*Provided information:*
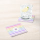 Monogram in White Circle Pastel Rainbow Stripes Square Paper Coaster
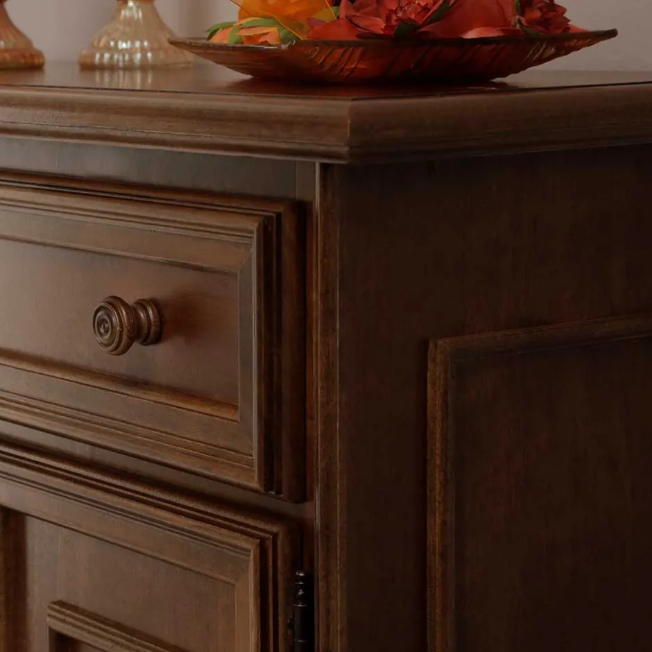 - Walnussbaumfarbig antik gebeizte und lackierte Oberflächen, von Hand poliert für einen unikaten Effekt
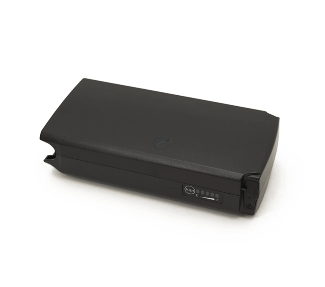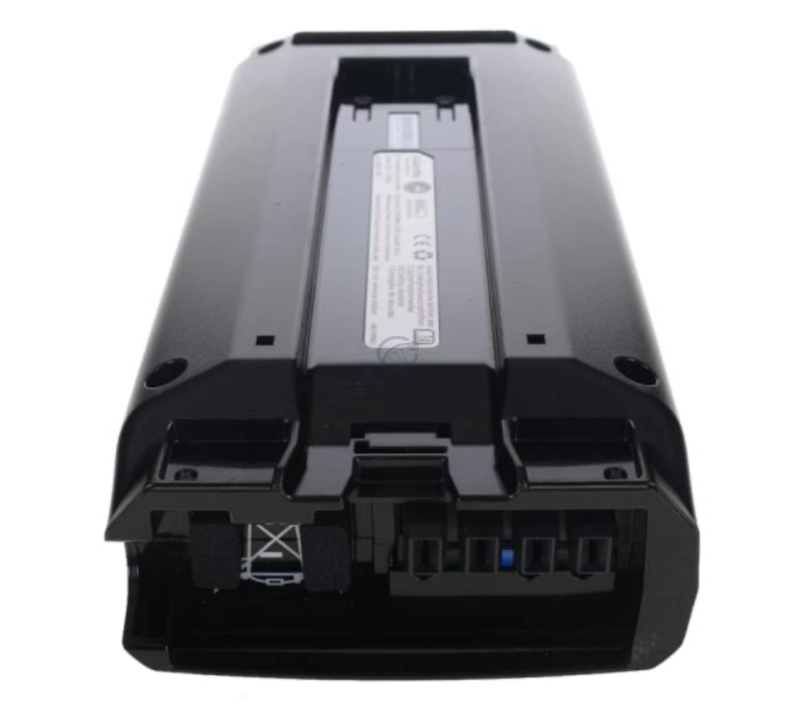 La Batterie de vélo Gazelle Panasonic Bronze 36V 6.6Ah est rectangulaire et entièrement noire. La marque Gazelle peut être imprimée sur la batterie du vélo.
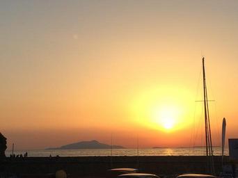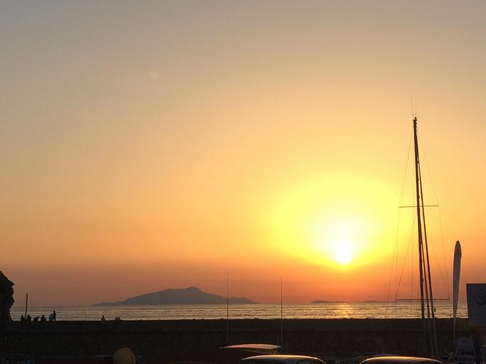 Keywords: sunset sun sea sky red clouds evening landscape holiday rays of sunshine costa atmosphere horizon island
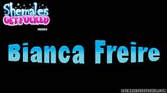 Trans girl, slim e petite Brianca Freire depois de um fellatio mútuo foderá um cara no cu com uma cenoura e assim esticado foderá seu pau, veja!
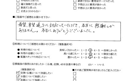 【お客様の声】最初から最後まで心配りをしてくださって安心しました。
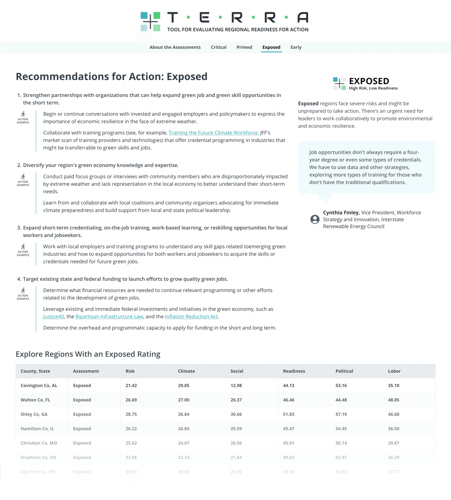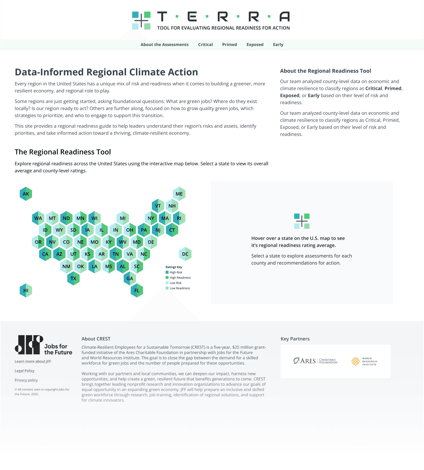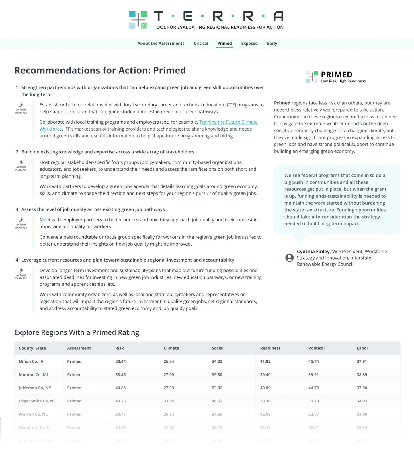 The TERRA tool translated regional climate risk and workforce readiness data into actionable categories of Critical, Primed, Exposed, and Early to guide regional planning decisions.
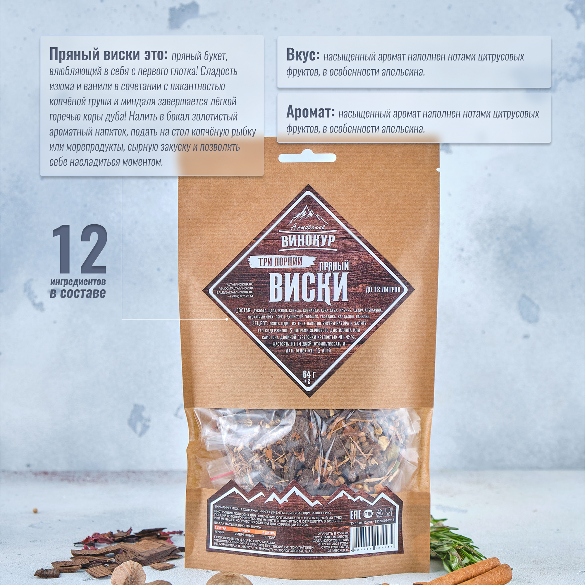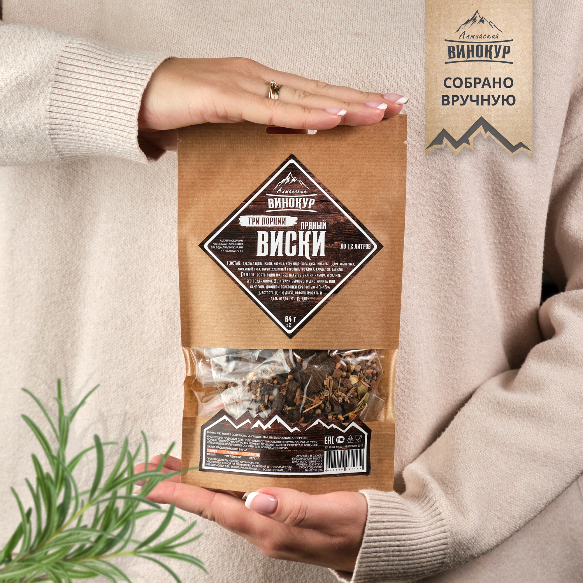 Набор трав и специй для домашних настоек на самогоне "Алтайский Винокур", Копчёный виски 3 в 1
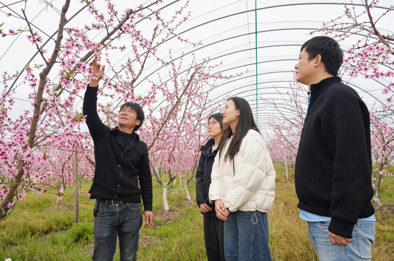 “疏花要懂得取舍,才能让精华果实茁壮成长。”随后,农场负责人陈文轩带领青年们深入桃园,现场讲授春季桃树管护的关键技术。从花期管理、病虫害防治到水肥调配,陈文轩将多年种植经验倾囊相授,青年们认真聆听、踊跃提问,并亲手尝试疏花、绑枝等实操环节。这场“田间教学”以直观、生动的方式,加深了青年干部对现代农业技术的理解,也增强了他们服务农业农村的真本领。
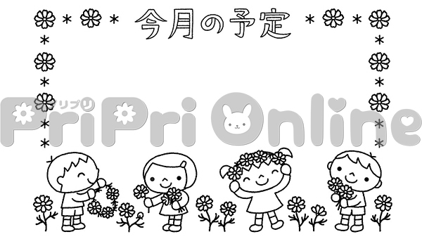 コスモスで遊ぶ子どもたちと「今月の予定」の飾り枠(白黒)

*About this task:*
Give an exact copy of the material, leaving out every picture.

*Answer space:*
 Monogram in White Circle Pastel Rainbow Stripes Square Paper Coaster
 - Walnussbaumfarbig antik gebeizte und lackierte Oberflächen, von Hand poliert für einen unikaten Effekt
 La Batterie de vélo Gazelle Panasonic Bronze 36V 6.6Ah est rectangulaire et entièrement noire. La marque Gazelle peut être imprimée sur la batterie du vélo.
 Keywords: sunset sun sea sky red clouds evening landscape holiday rays of sunshine costa atmosphere horizon island
 Trans girl, slim e petite Brianca Freire depois de um fellatio mútuo foderá um cara no cu com uma cenoura e assim esticado foderá seu pau, veja!
 【お客様の声】最初から最後まで心配りをしてくださって安心しました。
 The TERRA tool translated regional climate risk and workforce readiness data into actionable categories of Critical, Primed, Exposed, and Early to guide regional planning decisions.
 Набор трав и специй для домашних настоек на самогоне "Алтайский Винокур", Копчёный виски 3 в 1
 “疏花要懂得取舍,才能让精华果实茁壮成长。”随后,农场负责人陈文轩带领青年们深入桃园,现场讲授春季桃树管护的关键技术。从花期管理、病虫害防治到水肥调配,陈文轩将多年种植经验倾囊相授,青年们认真聆听、踊跃提问,并亲手尝试疏花、绑枝等实操环节。这场“田间教学”以直观、生动的方式,加深了青年干部对现代农业技术的理解,也增强了他们服务农业农村的真本领。
 コスモスで遊ぶ子どもたちと「今月の予定」の飾り枠(白黒)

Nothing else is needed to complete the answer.